The TOEFL® iBT Reading Section
The Reading Section of the TOEFL® iBT tests your ability to understand written English as it is presented in textbooks and other academic materials in North America.
There are three reading passages with an average of 12-13 questions after each passage. The passages are about 700-800 words in length. There may be pictures in the text and questions that refer to the content of the reading passage.
Most of the questions are multiple-choice, but some of the questions have special directions. Some of the questions have two or more answers.
You will have 25 minutes to read each passage and answer the comprehension questions. You may take notes while you read. You may use your notes to answer the questions.
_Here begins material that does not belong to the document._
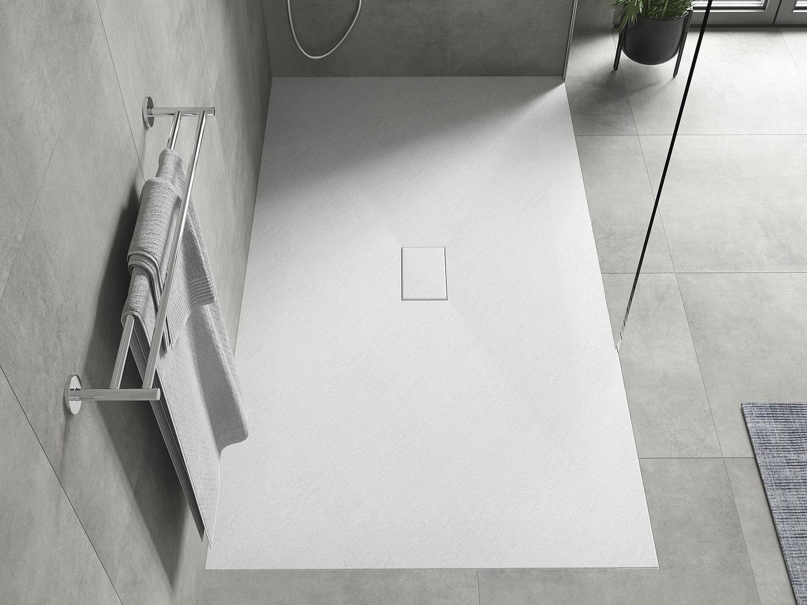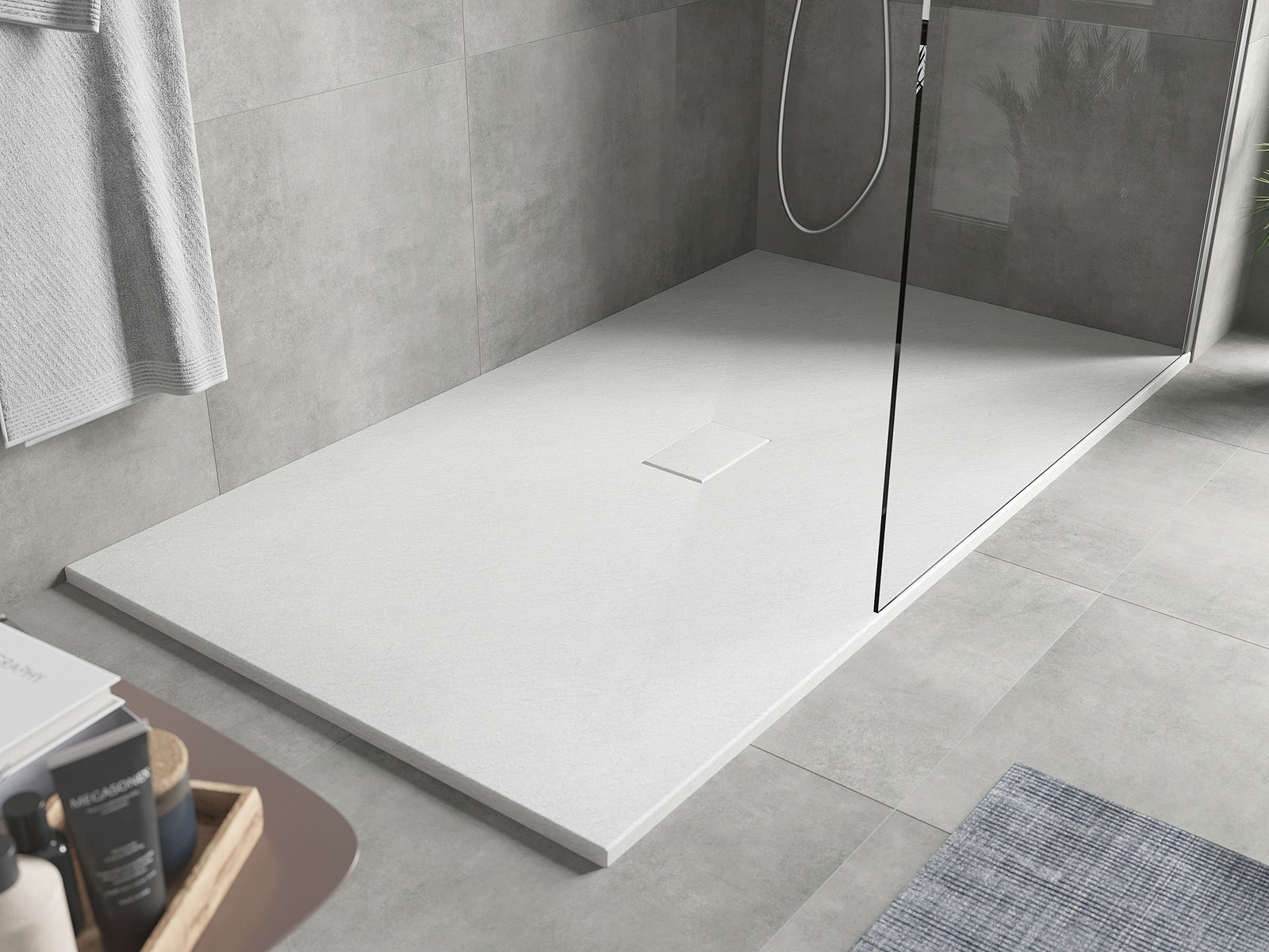 Povrch sprchové vaničky svou strukturou připomíná kámen. Představuje jedinečné spojení přírodního vzhledu s moderním uspořádáním interiéru. Dodává charakter, podtrhuje estetiku a eleganci designu koupelny a okouzluje svou formou.
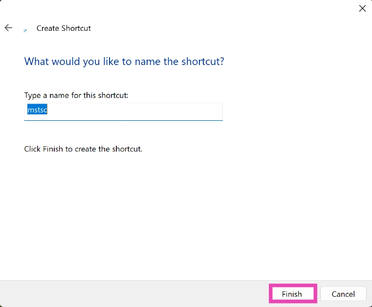 Vaihe 4:Kirjoita pikakuvakkeen nimi ja painaViimeistely.

You can return to previous questions, change answers, and answer questions you have left blank, but you cannot return to a previous passage. A clock on the screen will show you how much time you have to complete each passage.
Reading Skills on the Test
Research shows that it is easier to understand what you are reading if you begin with a general idea of what the passage is about. Previewing helps you form a general idea of the topic in your mind. To preview, read the first sentence of each paragraph and the last sentence of the passage. You should do this as quickly as possible. Remember, you are not reading for specific information but for an impression of the topic.
Reading for main ideas:
By previewing, you can form a general idea of what a reading passage is about; that is, you identify the topic. By reading for main ideas, you identify the point of view of the author–that is, what the writer’s thesis is. Specifically, what does the author propose to write about the topic? If you could reduce the reading to one sentence, what would it be?
Using contexts for vocabulary:
In English, a context is the combination of vocabulary and grammar that surrounds a word. Context can be a sentence or a paragraph or a passage. Context helps you make a general prediction about meaning. If you know the general meaning of a sentence, you also know the general meaning of the words in the sentence. Making predictions from contexts is very important when you are reading a foreign language. In this way, you can read and understand the meaning of a passage without stopping to look up every new word in a dictionary. On an examination like the TOEFL®, dictionaries are not permitted in the room.
Scanning for details:
Reading a passage on the TOEFL®, you will be expected to answer six to ten questions. Most of them are multiple-choice. First, read a question and find the important content words. Content words are usually nouns, verbs, or adjectives. They are called content words because they contain the content or meaning of a sentence. Next, let your eyes travel quickly over the passage for the same content words or synonyms of the words. This is called scanning. By scanning, you can find a place in the reading passage where the answer to a question is found. Finally, read those specific sentences carefully and choose the answer that corresponds to the meaning of the sentences you have read.
Sometimes in a reading passage, you will find a direct statement of fact. That is called evidence. But other times, you will not find a direct statement. Then you will need to use the evidence you have to make an inference. An inference is a logical conclusion based on evidence. It can be about the passage itself or about the author’s viewpoint.
After reading a passage on the TOEFL®, you will be asked to select from four possible answers the one that is NOT mentioned in the reading. Use your scanning skills to locate related words and phrases in the passage and the answer choices.
A passage on the TOEFL®, you will be asked to find the antecedent of a pronoun. An antecedent is a word or phrase to which a pronoun refers. Usually, you will be given a pronoun such as it, its, them, or their, and you will be asked to locate the reference word or phrase in the passage.
Referring to the passage:
The passage on the TOEFL®, you will be asked to find certain information in the passage, and identify it by line number or paragraph. First, read the question. Then refer to the line numbers and paragraph numbers in the answer choices to scan for the information in the question.
To read faster, read phrases instead of words. Try to see an entire line of text when you focus your eyes on the passage. Scan for details and evidence. Make inferences.
Strategies for the Reading Section
Practice reading on a computer screen. On a computer screen is different from reading on a page. First, there is generally less text visible; second, you must scroll instead of turning pages; and finally, there may be quite a few icons or other distracting visuals surrounding the passage.